The show was held in a dark and cold warehouse planted with weeds and sprinkled with soil, with a kind of concrete knoll/slope in the middle and no seats. The show featured models meandering through the standing crowd (including Mr. Risso, who put himself on his shows last season, an initially charming surprise that’s starting to look more like a vanity project). Each was followed by a guide in a stocking cap and a tattered coat with a flashlight to illuminate the road, until finally they both climbed the slope and descended back into the crowd, which had been clamoring desperately – and often fruitlessly – to see. .
Too bad, because Mr. Risso is a talented designer who really knows how to saturate his work with feeling. There seemed to be a lot to make and restore. Some customization; some silky, embroidered dresses. Lots of handmade looking crazy headwear.
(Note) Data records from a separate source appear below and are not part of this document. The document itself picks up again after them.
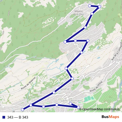The first stop of the 343 bus route is Savièse, Mayens-de-la-Zour and the last stop is Savièse, St-Germain centre. 343 (B 343) is operational during an Werktagen.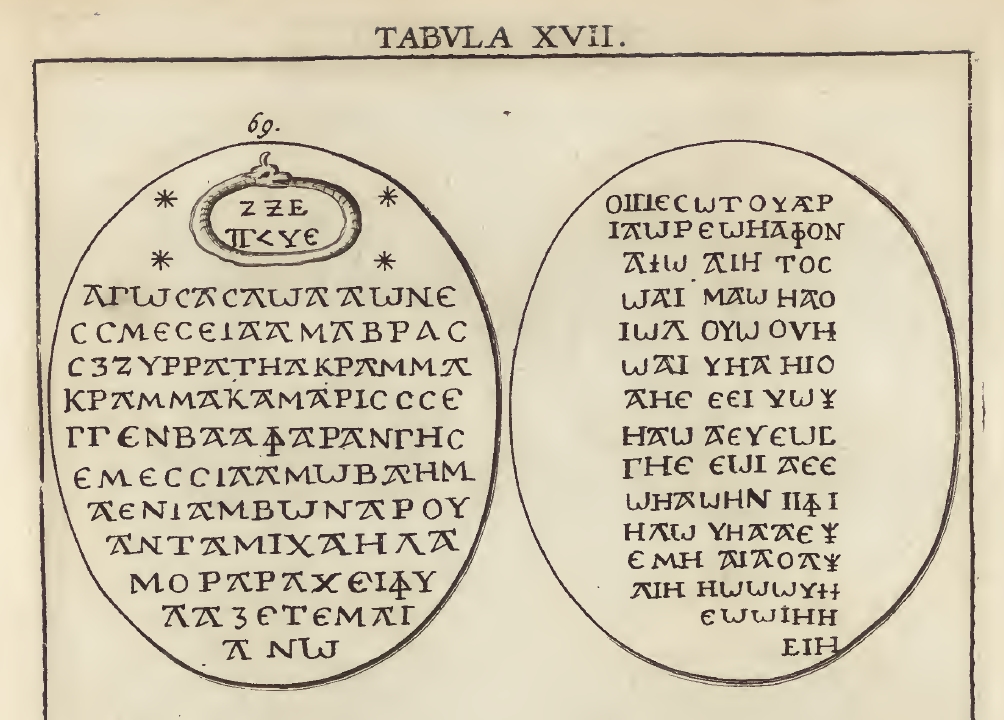 ➜ Le contexte de cette citation c'est l'éthymologie du mot « Abraxas », où la figure LXIX de Chifflet est cité pour son évocation à ce sujet.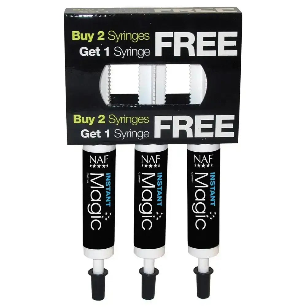 NAF Five Star uses bio-available magnesium combined with a fast acting herbal base for an effective instant calming effect. Instant Magic is recommended for horses who only require the use of a calmer on an immediate, short term basis for specific potentially stressful situations; such as competition, clipping, travelling or a visit from the farrier or dentist. In addition it can be used to top up the calming effect of a daily Magic supplement as and when needed. Note: NAF Five Star has magnesium used in Instant Magic does not contravene FEI rules and is safe for use in all horses.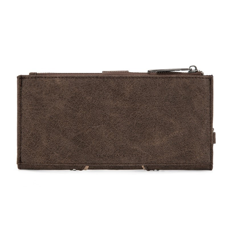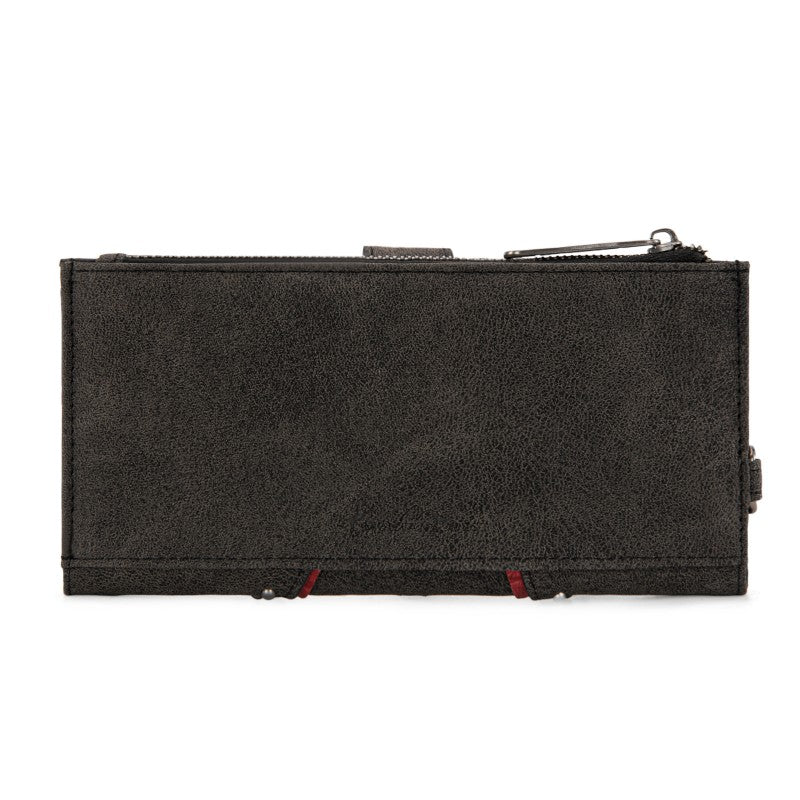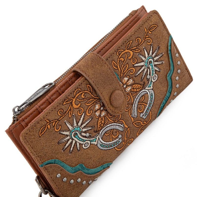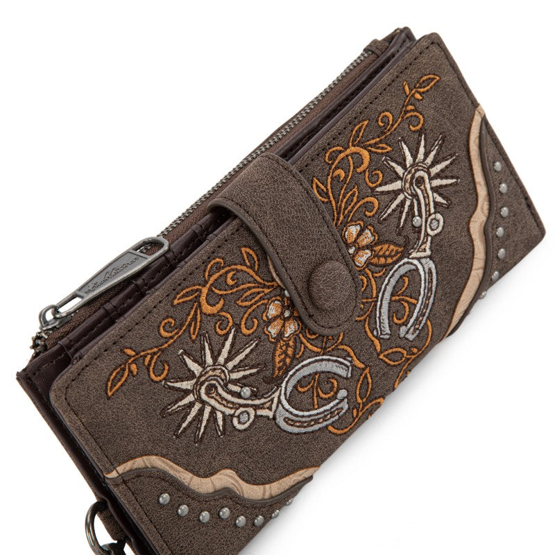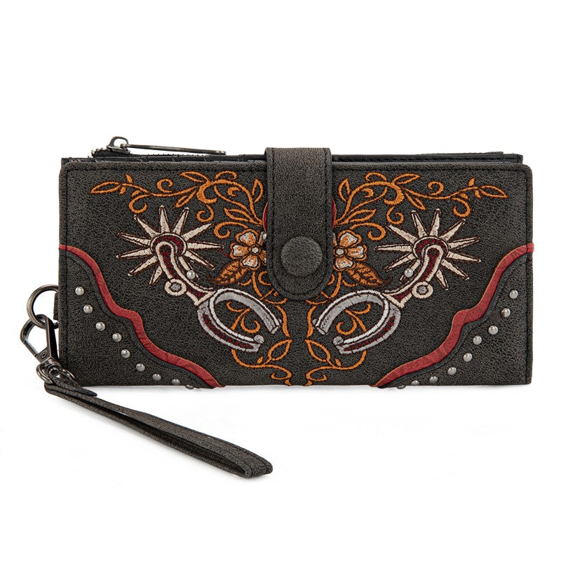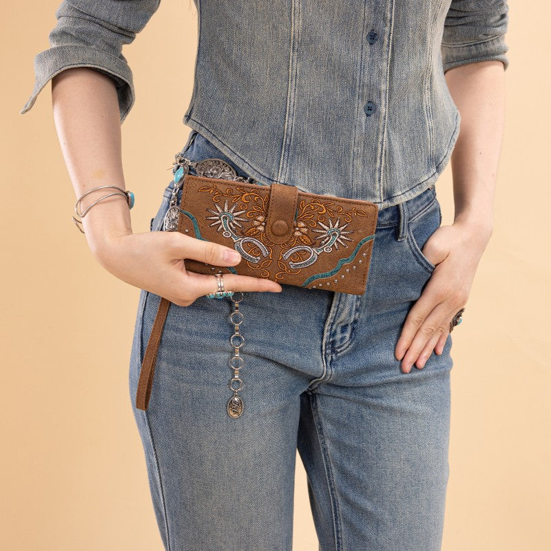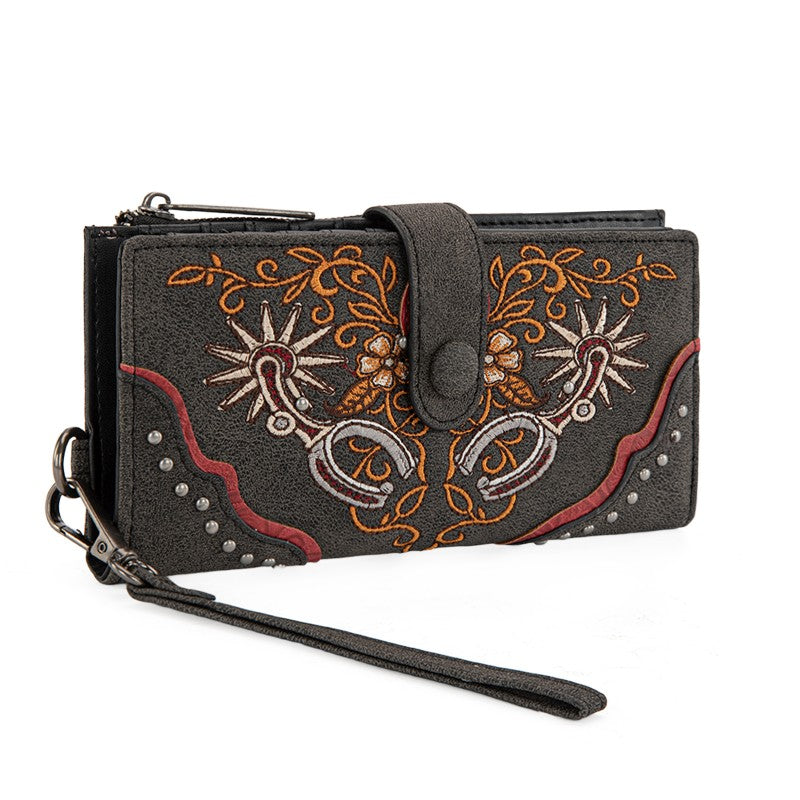 The Montana West wallet is a compact, Western-style embroidered wallet crafted from durable synthetic leather. Featuring intricate floral embroidery and a secure zip closure, this wristlet offers RFID protection for cards and cash.

Then the audience fled into the sun and into the backyard, where it was revealed that the models were enjoying a feast of cakes and bubbly on two long tables atop scattered cobalt sand; the show after the show, with mr. Risso who held court with great enthusiasm.
He talked about “courage” and “community” and the fact that all the models had brought personal talismans to work in their outfits, seemingly unaware that who in the world knew what they were? Or that instead of bringing everyone together, the staging had just pushed them apart.
In appearance, it does not suit anyone.